## Task to carry out
Once the pictures are removed, return each record below exactly as written.

Dataset entries

▽

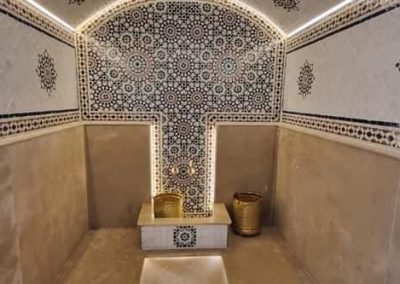 Habillage décoratif de vos espaces avec des solutions sur mesure : murs en pierre, fontaines zelliges, éléments décoratifs inspirés de l’artisanat marocain.
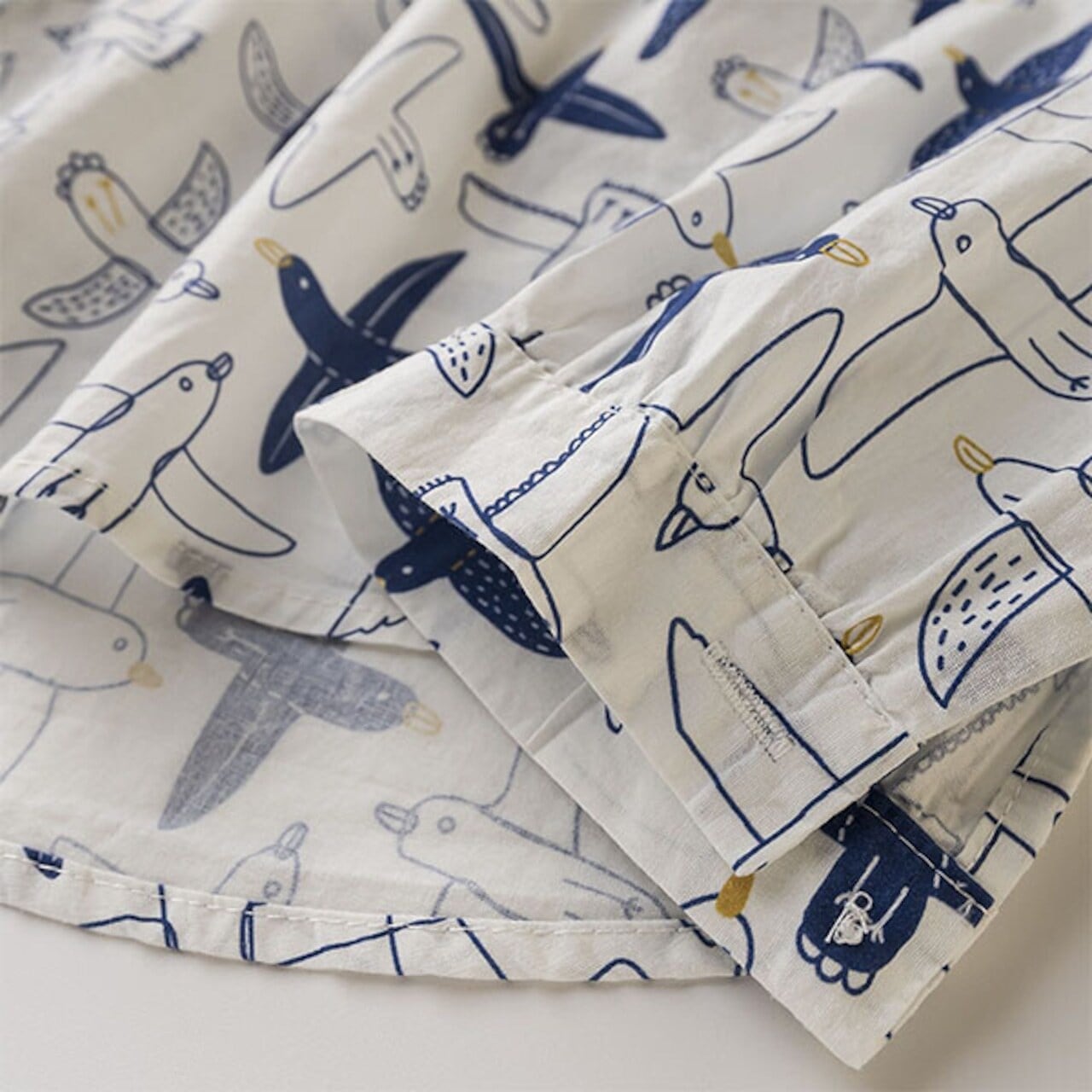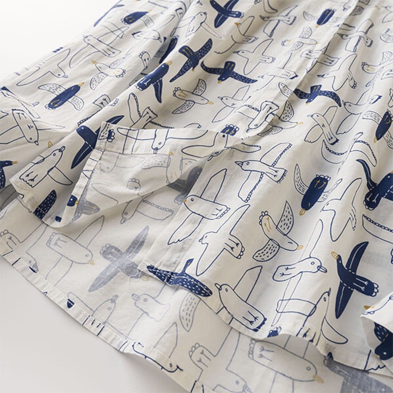 バードプリントシャツ 襟は刺繍花柄 2色展開 サイズフリー 平置き 身幅55cm 丈67cm 【素材・成分】 コットン
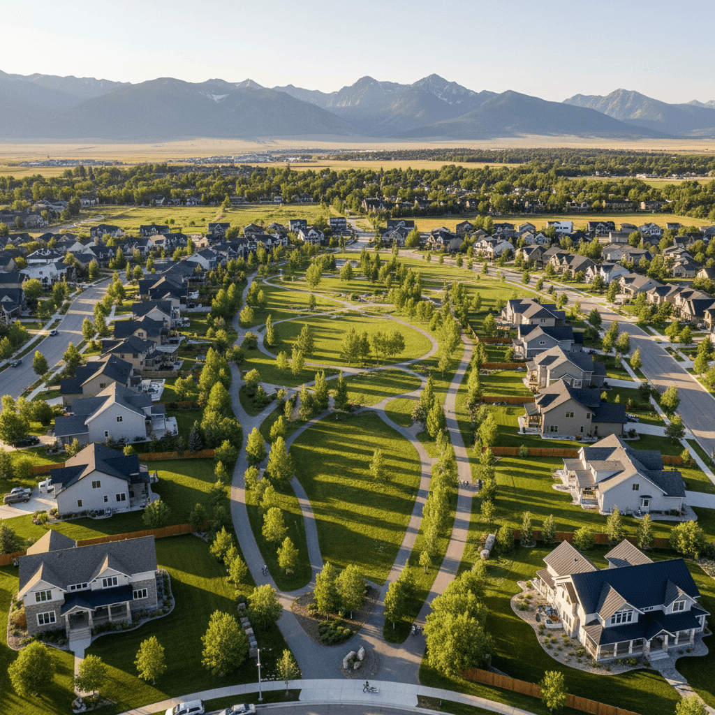 Showcase properties and lifestyle in Baxter Meadows Bozeman with professional aerial videography. Our drone services capture the large central park, extensive trails, and diverse architectural styles that defines this unique Bozeman neighborhood. Perfect for real estate listings, community marketing, and showcasing the specific character of Central Park Community living in Gallatin County.
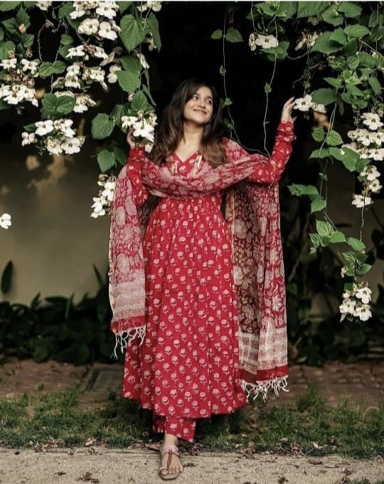 ELEVATE UR STYLE IN OUR CLASSY COTTON ANARKALI SET WITH COTTON MALMAL DUPATTA IS MUST HAVE IN EVERY CLOSET
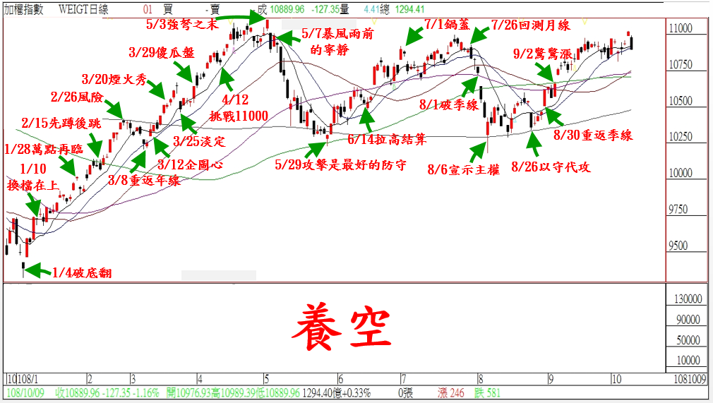 昨天我們才說…內資明顯逢高減碼,如果只是外資硬撐台積電的方法,恐怕也是來的快、去的快;今天馬上重挫-127點,昨天漲的都不夠跌。接下來就『雙十連假』了,基本上台股比沒有太多分析空間;一如果我們先前說的…短線的震盪都是反應『消息面』變化。所以重點是黑手心態沒有改變,整體的台股依舊還是『區間震盪』格局;而有投資人問:『那要震盪到何時?』。關於這個目題…就是台股『養空』的情況囉!!
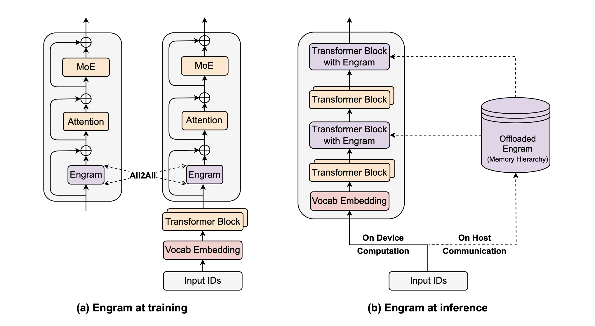- (b) 推理阶段:Engram 表被卸载(offload)到主机内存(CPU memory)中。利用确定性的检索逻辑,主机能够异步地预取并传输嵌入向量,从而使通信过程与设备上先前 Transformer 块的计算重叠(并行)。
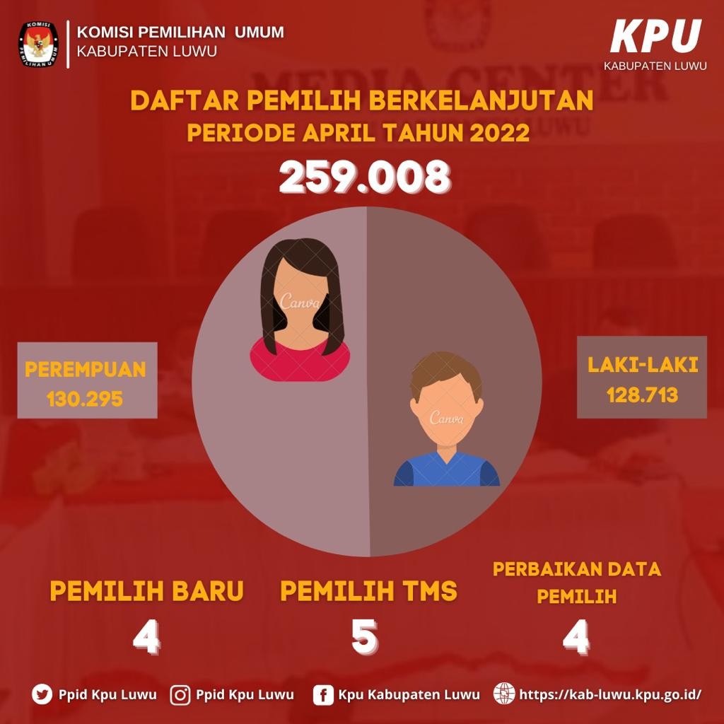 Hasil Rekapitulasi Ulang Daftar Pemilih Berkelanjutan Tahun 2022 untuk periode Bulan April di Kabupaten Luwu sebanyak 259.008 dengan rincian pemilih laki-laki berjumlah 128.713 pemilih dan pemilih perempuan 130.295 pemilih.
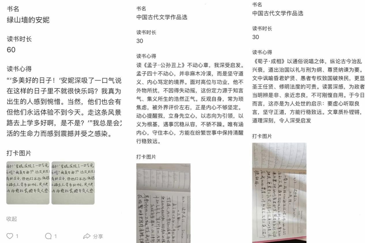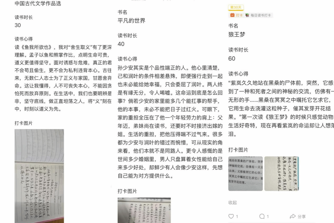 3月14日至4月14日,书院开展“青锋砺行 21天习惯养成”读书打卡活动。同学们通过微信“小打卡”小程序每日提交阅读记录,详细记录书籍名称以及手写的读书笔记或阅读感悟。大家在连续21天的打卡挑战中,或摘抄触动人心的段落,或写下与文字共鸣的思考,将阅读融入日常,在相互陪伴中交流阅读心得,分享阅读收获。
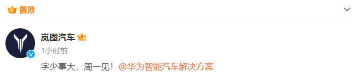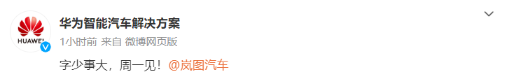 岚图汽车与华为智能汽车解决方案均通过官方微博发布预告,“字少事大,周一见!”
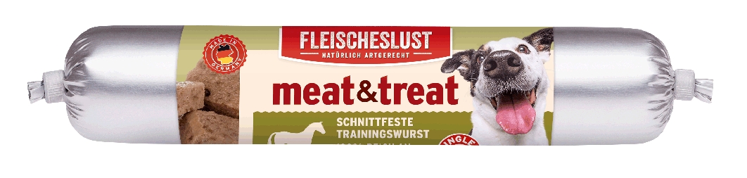 MEAT & TREAT jsou speciálně vyvynuté pochoutky, které uspokojí ty nejnáročnější mazlíčky. Hodí se zejména při tréninku. Skvělá konzistence a jednoduchý tvar spolu s úžasnou chutí a vůní dovede vás i vašeho mazlíčka při každém tréninku snadno o level výš. Samozřejmě jej také můžete využít ke zlepšení chutnosti vašeho běžného krmiva anebo pro zlepšení nálady vašeho kamaráda.
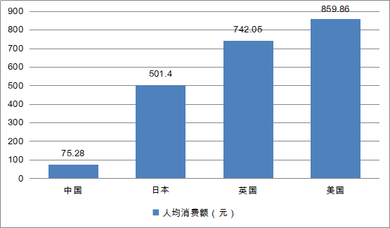 從消費(fèi)額來(lái)看,中國(guó)休閑食品人均消費(fèi)額為75.28元,而日本、英國(guó)、美國(guó)的該數(shù)額分別是501.4元,742.05元和859.86元,差距較大。
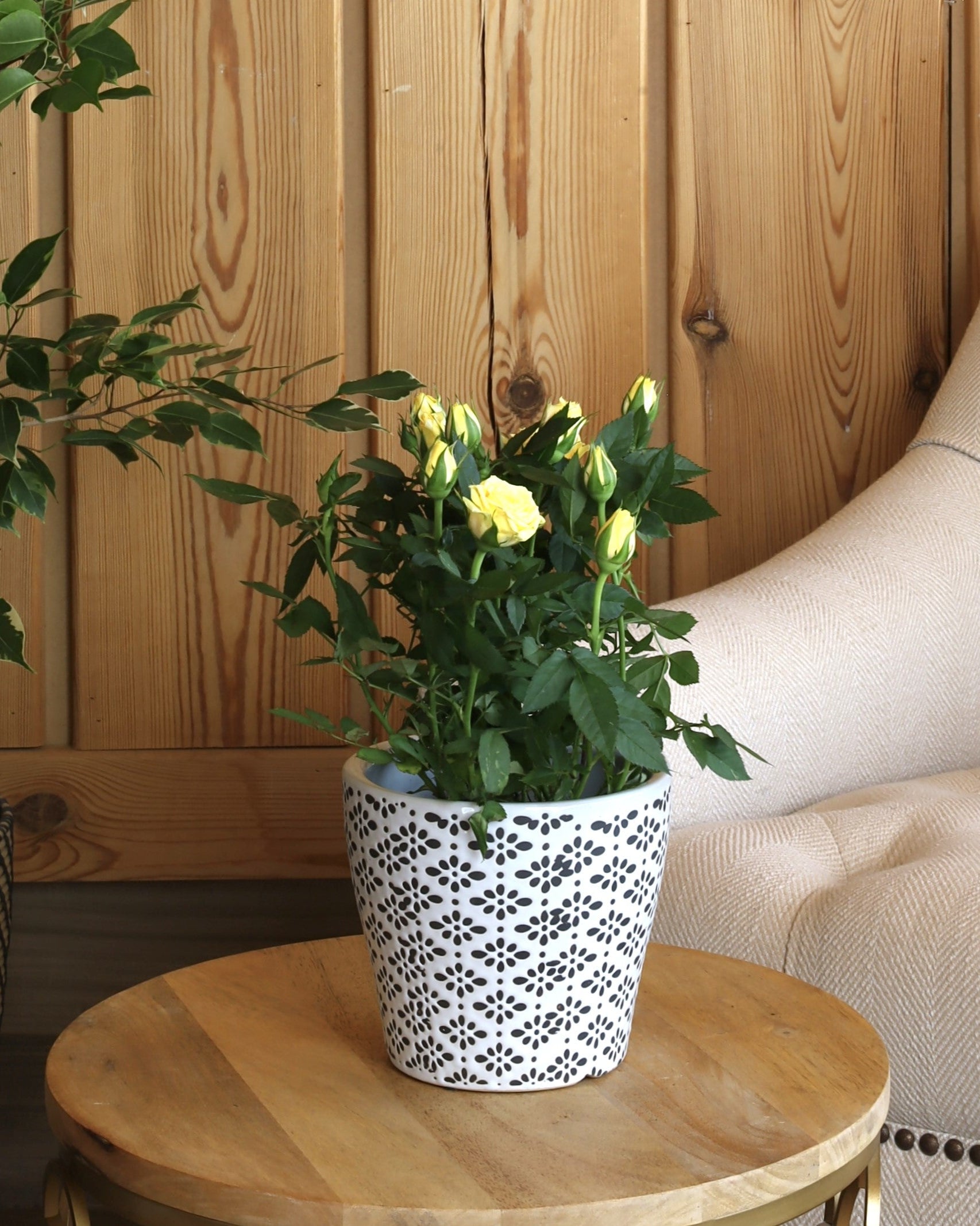 This yellow flowering rose plant is the perfect addition for those looking to bring bright colors and positive energy into their spaces while being easy to care for.
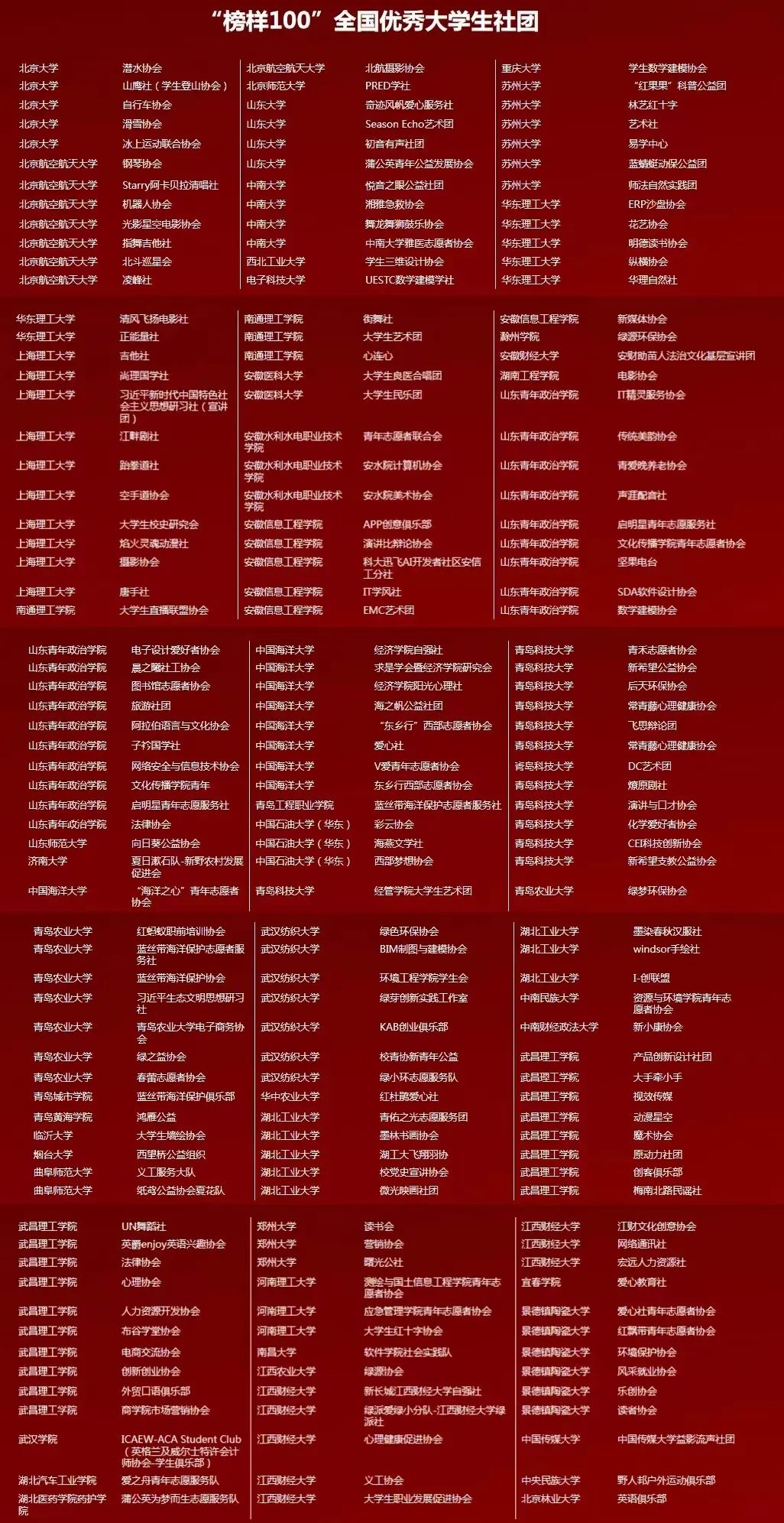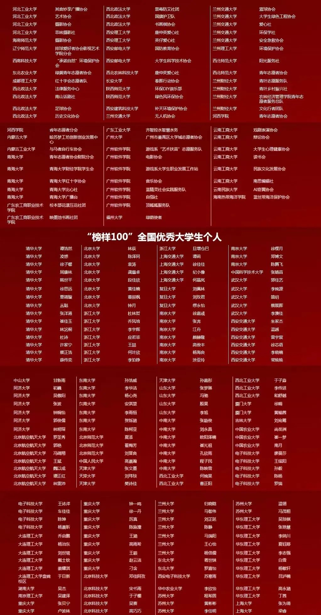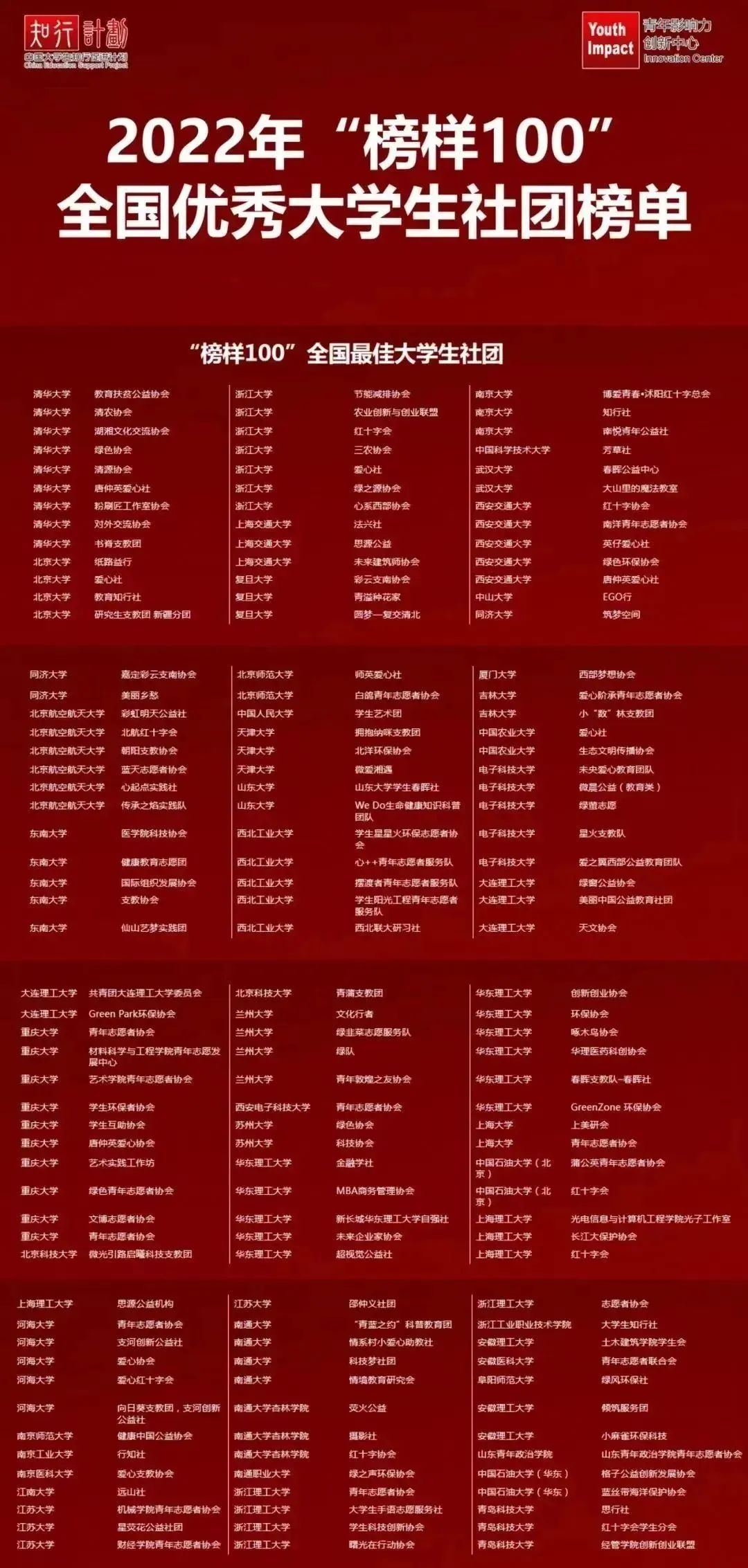 12月14日,中国大学生知行计划公布2022年“榜样100”全国优秀大学生社团榜单,tyc1286太阳成集团创新创业联盟、暖心愿公益团队入围“榜样100”全国最佳大学生社团,tyc1286太阳成集团大学生艺术团入围“榜样100”全国优秀大学生社团,李婕、李晓菲获全国优秀大学生个人。

△

## Reply
 Habillage décoratif de vos espaces avec des solutions sur mesure : murs en pierre, fontaines zelliges, éléments décoratifs inspirés de l’artisanat marocain.
 バードプリントシャツ 襟は刺繍花柄 2色展開 サイズフリー 平置き 身幅55cm 丈67cm 【素材・成分】 コットン
 Showcase properties and lifestyle in Baxter Meadows Bozeman with professional aerial videography. Our drone services capture the large central park, extensive trails, and diverse architectural styles that defines this unique Bozeman neighborhood. Perfect for real estate listings, community marketing, and showcasing the specific character of Central Park Community living in Gallatin County.
 ELEVATE UR STYLE IN OUR CLASSY COTTON ANARKALI SET WITH COTTON MALMAL DUPATTA IS MUST HAVE IN EVERY CLOSET
 昨天我們才說…內資明顯逢高減碼,如果只是外資硬撐台積電的方法,恐怕也是來的快、去的快;今天馬上重挫-127點,昨天漲的都不夠跌。接下來就『雙十連假』了,基本上台股比沒有太多分析空間;一如果我們先前說的…短線的震盪都是反應『消息面』變化。所以重點是黑手心態沒有改變,整體的台股依舊還是『區間震盪』格局;而有投資人問:『那要震盪到何時?』。關於這個目題…就是台股『養空』的情況囉!!
- (b) 推理阶段:Engram 表被卸载(offload)到主机内存(CPU memory)中。利用确定性的检索逻辑,主机能够异步地预取并传输嵌入向量,从而使通信过程与设备上先前 Transformer 块的计算重叠(并行)。
 Hasil Rekapitulasi Ulang Daftar Pemilih Berkelanjutan Tahun 2022 untuk periode Bulan April di Kabupaten Luwu sebanyak 259.008 dengan rincian pemilih laki-laki berjumlah 128.713 pemilih dan pemilih perempuan 130.295 pemilih.
 3月14日至4月14日,书院开展“青锋砺行 21天习惯养成”读书打卡活动。同学们通过微信“小打卡”小程序每日提交阅读记录,详细记录书籍名称以及手写的读书笔记或阅读感悟。大家在连续21天的打卡挑战中,或摘抄触动人心的段落,或写下与文字共鸣的思考,将阅读融入日常,在相互陪伴中交流阅读心得,分享阅读收获。
 岚图汽车与华为智能汽车解决方案均通过官方微博发布预告,“字少事大,周一见!”
 MEAT & TREAT jsou speciálně vyvynuté pochoutky, které uspokojí ty nejnáročnější mazlíčky. Hodí se zejména při tréninku. Skvělá konzistence a jednoduchý tvar spolu s úžasnou chutí a vůní dovede vás i vašeho mazlíčka při každém tréninku snadno o level výš. Samozřejmě jej také můžete využít ke zlepšení chutnosti vašeho běžného krmiva anebo pro zlepšení nálady vašeho kamaráda.
 從消費(fèi)額來(lái)看,中國(guó)休閑食品人均消費(fèi)額為75.28元,而日本、英國(guó)、美國(guó)的該數(shù)額分別是501.4元,742.05元和859.86元,差距較大。
 This yellow flowering rose plant is the perfect addition for those looking to bring bright colors and positive energy into their spaces while being easy to care for.
 12月14日,中国大学生知行计划公布2022年“榜样100”全国优秀大学生社团榜单,tyc1286太阳成集团创新创业联盟、暖心愿公益团队入围“榜样100”全国最佳大学生社团,tyc1286太阳成集团大学生艺术团入围“榜样100”全国优秀大学生社团,李婕、李晓菲获全国优秀大学生个人。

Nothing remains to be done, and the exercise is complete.